Dreamers, texte et mise en scène de Pascal Rambert ( promotion 10 de l’Ecole du TNB).

Crédit Photo : Gwendal Le Flem

Dreamers, texte et mise en scène de Pascal Rambert.

Pascal Rambert a écouté avec attention ce qui hante les nuits des vingt interprètes de la promotion 10, tout juste sortis de l’Ecole du TNB. Les jeunes gens ont livré à l’auteur et metteur en scène les secrets de leur sommeil, matériau articulé ensuite sur un thème biblique – le sacrifice avorté d’Isaac à qui Dieu substitue un bélier, permettant au père, Abraham, de ne pas tuer son fils.

Ce qui questionne le concepteur, c’est l’histoire de ce crime suspendu, de ce meurtre stoppé, boucle récurrente sur laquelle s’enroulent les récits. Soit la bascule du réalisme à sa métaphore, la substitution du sacrifice humain au sacrifice animalier, entre onirisme, réalité et cauchemars.

La scénographie d’Aliénor Durand, éblouissante de clarté lumineuse, est tel un volume ardent, une boîte mystérieuse, un écrin de blancheur avec piano noir, à l’intérieur duquel les lumières d’Yves Godin s’amusent, dessinant des apparitions ici et là, selon l’amplitude des marées humaines scéniques; et l’ombre insolite de l’acteur qui parle se projette sur le mur en une tache de couleur.

Les costumes de Clémence Delille sont particulièrement seyants car tous les interprètes sont vêtus avec bon goût et délicatesse étudiée, ce qui fait que l’ensemble choral chorégraphié est un tableau harmonieux pour la vue – contemplation esthétique de mouvements dansés et respirés.

La chorégraphie de Rachid Ouramdane a donné forme aux rêves du metteur en scène et de ses interprètes, esquissant à l’intérieur de la boîte blanche des lignes aux gestuelles savantes.

Une danse lente et pleine de patience, à la manière scénique de l’art de Claude Régy, tout n’ayant de sens que dans l’apprentissage de la lenteur dans les déplacements – alanguissement feutré et douceur sensuelle : chacun et chacune fait attention à l’autre, l’écoute, le frôle, le protège, même si parfois apparaissent des évocations de jalousie, de rivalité ou de concurrence, de poignard levé.
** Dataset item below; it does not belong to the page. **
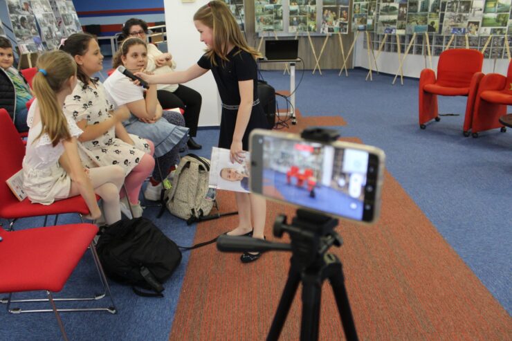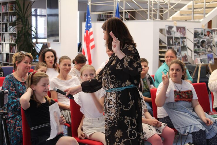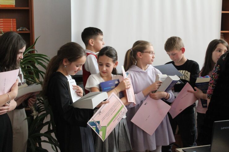 La Biblioteca Județeană Mureș în Sala de lectură au fost invitați atât participanții la atelierele desfășurate la Cuibul Democrației, cât și elevii clasei a IV-a de la Școala Gimnazială Dacia, Târgu-Mureș însoțiți de înv. Husari Iuliana.

Cette ronde de figures habillées de noir étincelle comme autant de soleils noirs de la mélancolie, s’apprêtant à faire le deuil de la séparation du groupe, comme les acteurs y sont préparés sur la voie vers la maturité. Ils se rapprochent ou s’éloignent – marée humaine qui frémit, silencieuse.

La musique d’Alexandre Meyer envoûte l’assistance sur scène et dans la salle, des murmures qui s’ élancent puis reculent, sans oublier les choeurs chantés du fameux Alleluia qui envahira longtemps les têtes jeunes et moins jeunes du public, bien après la fin de la représentation.
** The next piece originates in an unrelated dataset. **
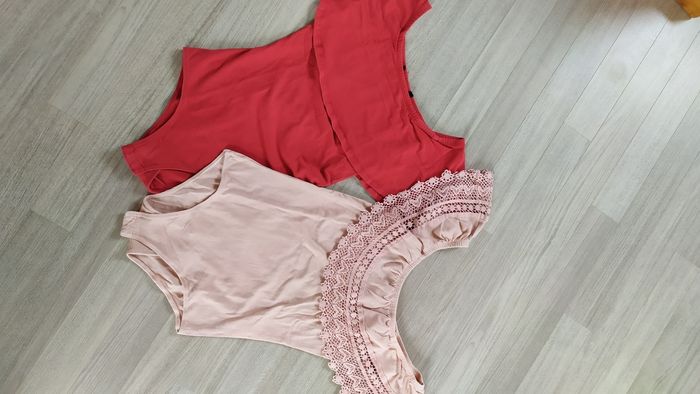 2 bodies sans manche Un rose poudré et un rouge

Désirs et nuit hantée d’une chambre préservée, à tous et pour tous, et qui scelle le groupe en même temps qu’il le fait éclater de trop de proximité, de connivence, d’accointance et de reconnaissance. Les rêves se mêlent à la réalité brute du monde et à la confusion généralisée.

Or, l’humour et la distance affleurent et prennent place, quand l’un des comédiens, adjugé photographe des interprètes, les flashe, un à un, photo aussitôt reproduite à l’écran. La sonorisation du geste sec donne à l’instant sa splendeur d’identification et de reconnaissance.

Le spectacle est un plaisir visuel et sonore – partition jointe du texte de Rambert qui aime tant entendre les voix et les mots d’une jeunesse furtive qui se cherche avant qu’une autre la remplace.

Vrai travail de clôture d’une formation professionnelle de jeunes interprètes qui présage au mieux de l’authenticité de leur formation et de la sincérité d’un engagement sensible et vérifiable sur le plateau. Le public ne boude pas son plaisir à voir les vingt acteurs et actrices se déployer sur la scène et qui semblent lui dire qu’ils sont là, proches et prêts à prendre le flambeau pour exister.

Avec Hinda Abdelaoui, Olga Abolina, Louis Atlan, Laure Blatter, Aymen Bouchou, Clara Bretheau, Valentin Clabault, Maxime Crochard, Amélie Gratias, Romain Gy, Alice Kudlak, Julien Lewkowicz, Arthur Rémy, Raphaëlle Rousseau, Salomé Scotto, Merwane Tajouiti, Maxime Thébault, Lucas Van Poucke, Mathilde Viseux, Lalou Wysocka.

Véronique Hotte

Du 18 au 27 novembre 2021 au Festival TNB, Théâtre National de Bretagne, 1 rue Saint-Hélier 35000 – Rennes.